4. Играет ли кот какую-то роль? Заставить дядю Джона спросить у экспертов, есть ли такой наркотик, от которого кошки бесятся? Шекспировское «Пусть что угодно, но лишь бы не видеть кошачьи прыжки» хорошо перекликается с происходящим. Поэт прекрасно передал мое нынешнее состояние.

5. Почему Эндрю так ненавидит доктора Богана и почему доктор так спокойно реагирует на его нападки? Кто этот «человек, упоенный злом», о котором говорил Эн.? Возможно, сам Эн. Он нисколько не тянул жилы, или меня зовут Адольфом Гитлером.

6. Как далеко способен зайти Хивард в своем стремлении избежать фамильного скандала – неужели устроив еще один, меньший? X. вовсе не ничтожество.

7. Вилл Дайке. Кто пригласил его в дом – Эл. или миссис Р.? Сколько он был знаком с Эл.? Правда ли, что она была с ним помолвлена? Знал ли он, что у нее за «нервные расстройства»? Насколько близко его спальня к спальне Эл.? То же самое – для остальных в доме.

8. Почему Дайке и Эйнсли грызутся между собой? Какова ее роль в общей схеме?

9. И – снова о Царапке.

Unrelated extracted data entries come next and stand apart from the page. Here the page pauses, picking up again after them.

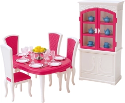 Elegantni set namještaja i dodataka za lutke visine oko 29 cm pretvara svaku kućicu u realističnu blagovaonicu. Sadrži stol, stolice, kredencu s vratima koja se otvaraju i bogatu stolnu opremu. Izdržljivo plastično izvedenje, ružičasto‑bijna koloristika i klasičan stil potiču kreativnu igru, razvoj socijalnih vještina i uloga. Usklađeno s normama CE i EN71.
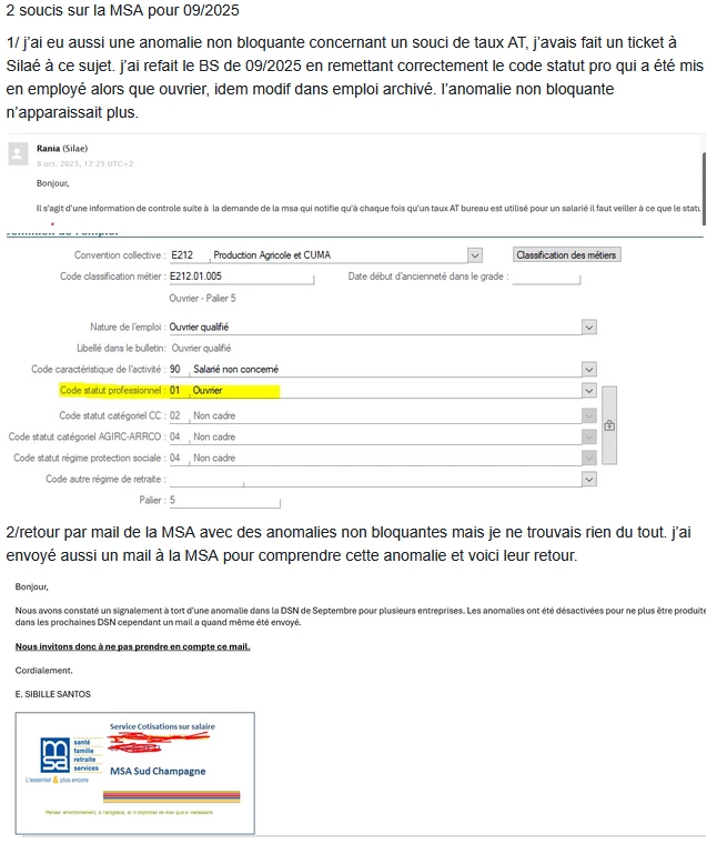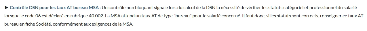 Bonjour, le salarié qui est un apprenti jardinier est paramétré avec le taux AT Apprenti APMSA, mais lors de la dsn, j’ai ce message “ Assurez-vous que les statuts catégoriel et professionnel du salarié soient corrects. Si oui, ajouter un taux AT bureau”
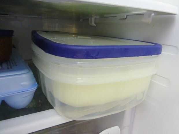 Pero hay una cosa: quiero ahorrar algo de cada lote para inocular la siguiente. Así que el último onzas pocos fuera de la jarra en un tarro. Os dejo este arranque sin tocar durante la semana en la nevera.
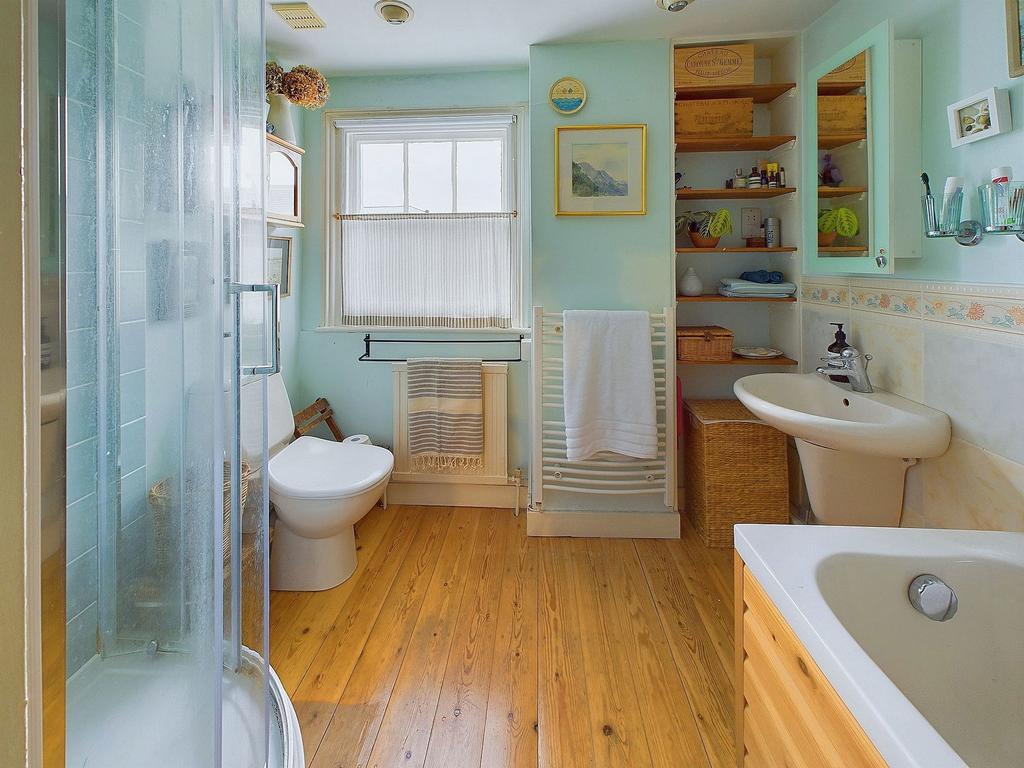 FAMILY BATHROOM West aspect. Comprising single glazed wooden framed window with secondary glazing, panel enclosed bath with shower attachment over, part tiled walls, hand wash basin, heated towel rail, radiator, low flush wc, step in shower cubicle with fully tiled walls and integrated shower attachment, recessed directable spotlights, single light fitting, extractor fan, wooden flooring.
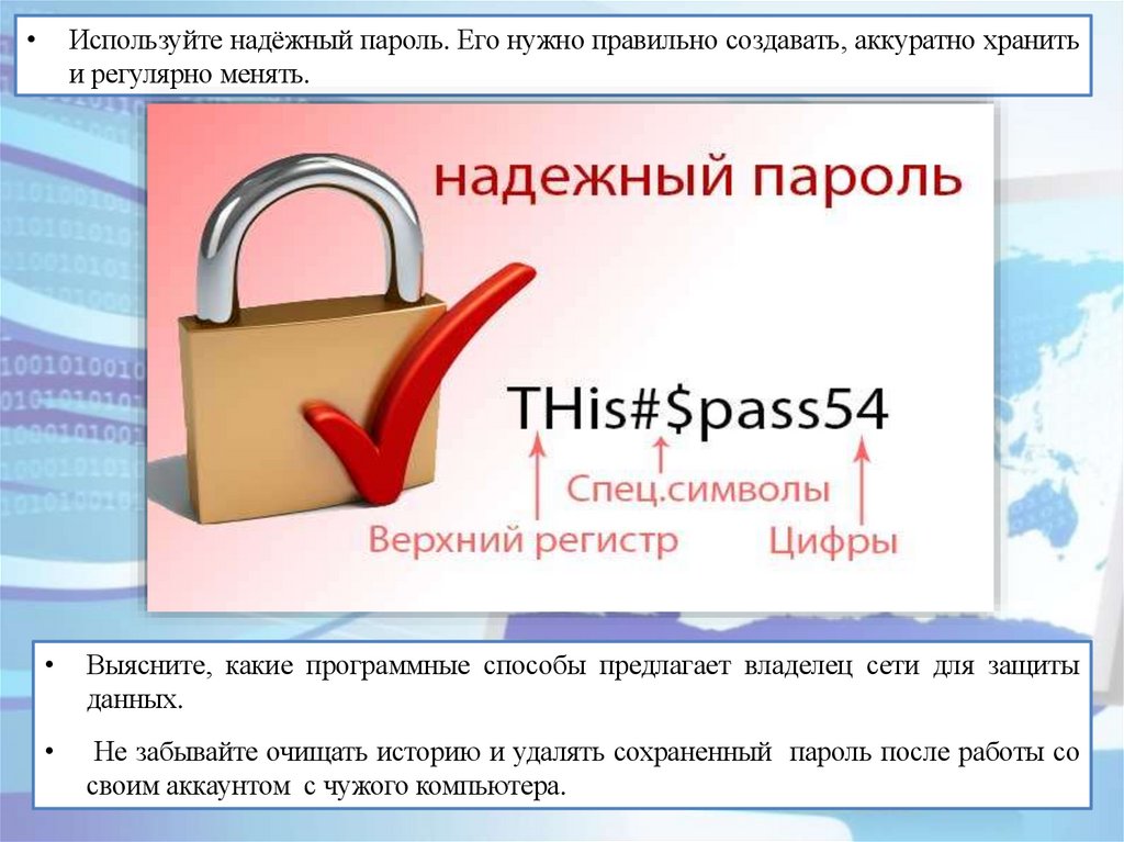 Используйте надёжный пароль. Его нужно правильно создавать, аккуратно хранить
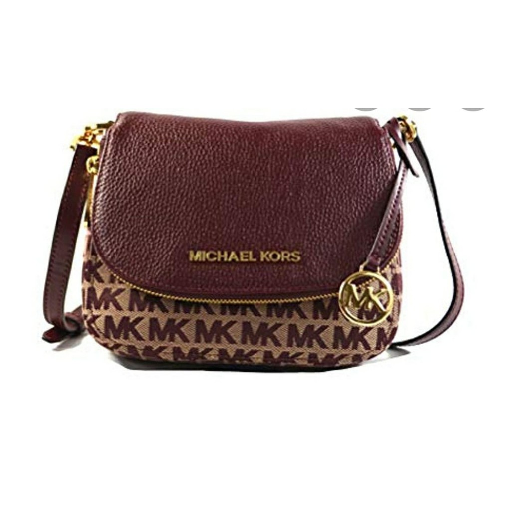 100 Authentic Michael Kors Bedford Monogram Small Flap Crossbody Oxblood Shopee Philippines
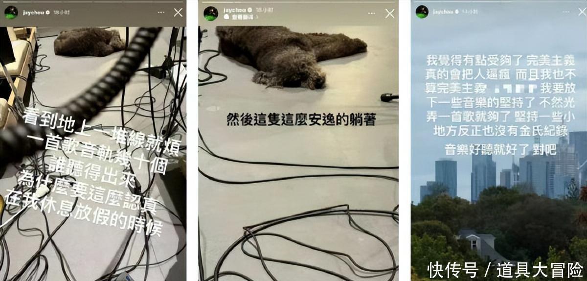 11月17日,周杰伦通过社交平台连续发文,直言“完美主义真的会把人逼疯”,自嘲“不算完美主义只是龟毛(挑剔)”。他表示因过度纠结音乐细节陷入焦虑,甚至看到满地音频线感到烦躁:“一首歌音轨几十个,谁听得出来?为什么在我休息时要这么认真?”配图中展示录音室凌乱的设备线材和数十条音轨工程文件,并晒出宠物狗安逸躺卧的照片调侃:“然后这只这么安逸地躺着”,暗示创作状态紧绷。他最终决定放下部分坚持:“我要放下一些音乐的坚持了,不然光弄一首歌就够了……音乐好听就好了对吧,反正也没有金氏(吉尼斯)纪录。”

Кто попросил Эл. дать ему блюдце молока перед сеансом в комнате Епископа?»

– У меня есть для тебя прекрасная записная книжка, – сказала Джорджия, наконец вглядевшись в крохотные буковки, тесно покрывающие обе стороны клочка. – Для твоих размышлений требуется больше места.

– Мне не нужна записная книжка. От них мой костюм напрочь теряет форму. – Найджел с некоторым бахвальством похлопал себя по карману своего нового твидового пиджака, который уже становился, как и прочие его вещи, мятым, как пижама.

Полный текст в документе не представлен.